Exploring Population Data with IPUMS
Last month, demographer and historian Steve Ruggles was awarded a prestigious MacArthur Foundation Fellowship for his work developing IPUMS—a harmonized database of individual and family responses to large-scale domestic and international surveys. With some samples going as far back as the 18th century, IPUMS can offer key insights into changing demographics, norms, and decision-making over time. In this post, I’ll first introduce IPUMS and give an overview of the data available. Next, I’ll explain how to gather, download, and process your data. It will end with an in-depth example for R users.
Note: IPUMS was originally called “Integrated Public Use Microdata Series,” but adopted the acronym when some restricted and aggregated data were added to the database. The vast majority of the IPUMS data are still publicly available microdata.
Opportunities for Researchers
IPUMS offers researchers an opportunity to download linked data from otherwise decentralized government surveys—both in the United States and internationally. Each of the samples join survey responses that were previously in different formats, and at the appropriate level of observation. For example, the USA sample contains detailed de-identified demographic information merged together from 16 federal surveys.

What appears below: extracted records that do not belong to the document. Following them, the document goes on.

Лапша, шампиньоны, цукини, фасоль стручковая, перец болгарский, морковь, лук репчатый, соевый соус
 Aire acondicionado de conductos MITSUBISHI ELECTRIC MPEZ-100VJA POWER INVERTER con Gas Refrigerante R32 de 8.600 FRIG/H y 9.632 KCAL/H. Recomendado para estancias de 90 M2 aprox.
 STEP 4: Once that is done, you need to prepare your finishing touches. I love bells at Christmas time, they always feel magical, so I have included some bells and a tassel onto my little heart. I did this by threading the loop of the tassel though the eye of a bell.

Given the richness of its data, IPUMS gives researchers opportunities to perform micro-, meso-, and macro-level analyses of individuals, families, and communities. In my own work as a labor researcher, I draw on the Current Population Survey (CPS) sample, which links monthly U.S. Census data to survey responses from the Bureau of Labor Statistics. Here, the inclusion of employment variables enables me to connect repeated cross-sections of individual demographic and financial data to larger-scale changes in occupational working conditions over a 40-year period. Other research has investigated state-level schooling requirements and student outcomes, gendered care differences within households, and domestic migration differences across 30 Asian countries
Gathering your Data
IPUMS stores its collections in separate databases depending on which surveys are able to be linked. For example, the IPUMS USA sample harmonizes Census data with the American Community Survey, while the IPUMS CPS sample merges a different sample of individuals. As such, each sample is its own self-contained data set.

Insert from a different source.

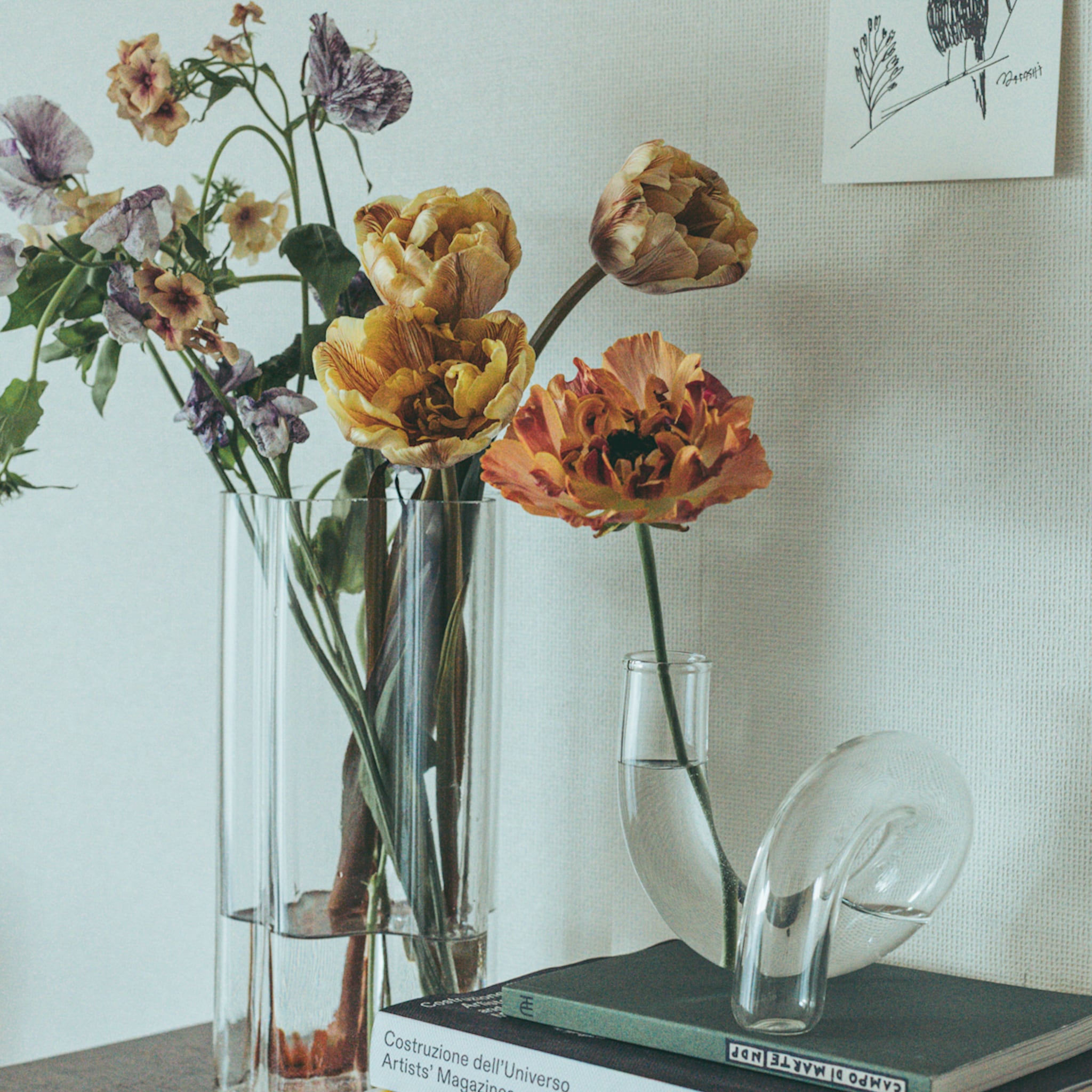 ガラスの曲線が美しい、アートピースのような一輪挿し。

Using the IPUMS CPS sample as an example, this section details step-by-step instructions to download the relevant data from the site and ultimately load the data into your appropriate software program. It ends with an example for R users.
Navigating the IPUMS Database
To prepare your data on the website, follow the three steps below. You will need to select which variables and time periods you want to select.
First, create a free account here to gain access to the IPUMS samples.
Next, select your appropriate sample.
Select relevant time periods and variables (refer to documentation for more information on particular variables). Your selections should be reflected in the “Data Cart” at the upper right of the page.
Create your custom data extract. Depending on the size of your data, it might take some time for the database to compile your extract.
Downloading your Data
Finally, download both your raw data extract (“Download.DAT”) and “DDI” file, which contains documentation for your data set. Each software will use this file to attach variable names and values to your data extract.
IPUMS only produces raw text files, but fortunately provides accompanying documentation for R, SAS, Stata, and SPSS users. The next section will walk through this process for R in greater detail, but it will look slightly different for other software programs.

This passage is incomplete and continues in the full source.